La puerta de la sala de urgencias se abrió de par en par. Salieron ruidos, una camilla y tres enfermeras: una de ellas empujaba la camilla, otra sujetaba el suero, otra llevaba el oxígeno. Un par de médicos las seguían.

– ¡Mamá! -Mei detuvo la camilla.

Pero su madre no reaccionó. Tenía tubos conectados a la nariz, los brazos y la boca. Parecía una máquina rota que estuvieran recomponiendo a base de esparadrapo.

– Todavía está inconsciente. ¿Es usted su hija? -el más joven de los dos médicos se aproximó a ella.

– ¿Qué le ha pasado? -preguntó Mei sin apartar la vista de su madre, que parecía seca y exánime, como si fuera a desdibujarse en cualquier momento.

– Le ha dado un ataque. Ha sido grave. ¿Podemos hablar en mi despacho?

– ¿A dónde la llevan? -Mei retuvo la camilla.

– A la habitación 206 del Edificio nº 3.

– Voy yo con ellos -la tía Zhao brincó apoyada en su bastón.

El despacho del joven médico era un cuarto sin ventanas que estaba al fondo del vestíbulo. Había tres hombres con batas blancas viendo una pequeña tele fijada a la pared.

– Fuera, fuera -les dijo el doctor-. Necesito hablar con los parientes.

Los otros embatados no prestaron ninguna atención a Mei. Se levantaron despacio, con las tazas de té en la mano, y salieron del cuarto conversando.

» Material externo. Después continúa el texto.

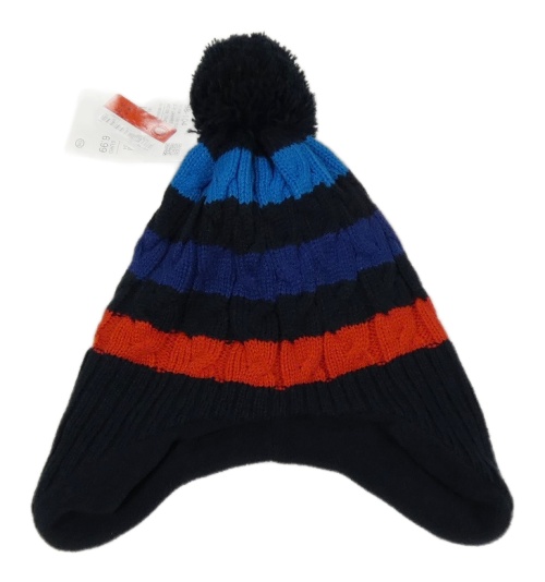 Nové - Tmavomodro-modro-červená pruhovaná čapica s brmbolcom C&A

El doctor aparentaba treinta y tantos años. Un par de gafas de montura oscura descansaba con desmaño en su nariz.

– Hemos hecho todo lo que podíamos, y ahora depende de ella. Puede que mejore y puede que no -dijo el doctor cuando se hubieron sentado.

– ¿Cuándo lo sabremos? -preguntó Mei.

– Tendremos una idea más clara en los próximos días; es difícil decir cuándo exactamente.

– ¿Qué posibilidades tiene?

– Es difícil decirlo -volvió a decir el médico-. Esperemos a ver, ¿de acuerdo?

Luego, el médico se aclaró la garganta, preparándose para soltar un discurso que ya había echado muchas veces antes.

– Siento tener que sacar el asunto de los costes en un momento así. Pero lo comprende, ¿verdad? Si el estado de su madre empeora, necesitará cuidados intensivos y tratamiento. ¿Pueden ustedes pagar los costes? Si tienen medios para pagar de forma particular, podremos usar de inmediato medicinas importadas.

El médico levantó la vista, aunque no exactamente hacia Mei. Su mirada estaba enfocada más allá, en algún punto impreciso.

– ¿Y qué pasa con su seguro médico? -Mamá había sido funcionaría toda su vida, miembro del Partido. Tenía que tener algún derecho. Sin duda, debería tenerlo.

– Me temo que el rango de su madre no es lo bastante elevado -dijo el médico, esta vez mirando a Mei.

Mei sintió el escrutinio de aquellos ojos superficiales. Parecían estar dando a entender que su madre era una especie de fracasada y su vida no era importante.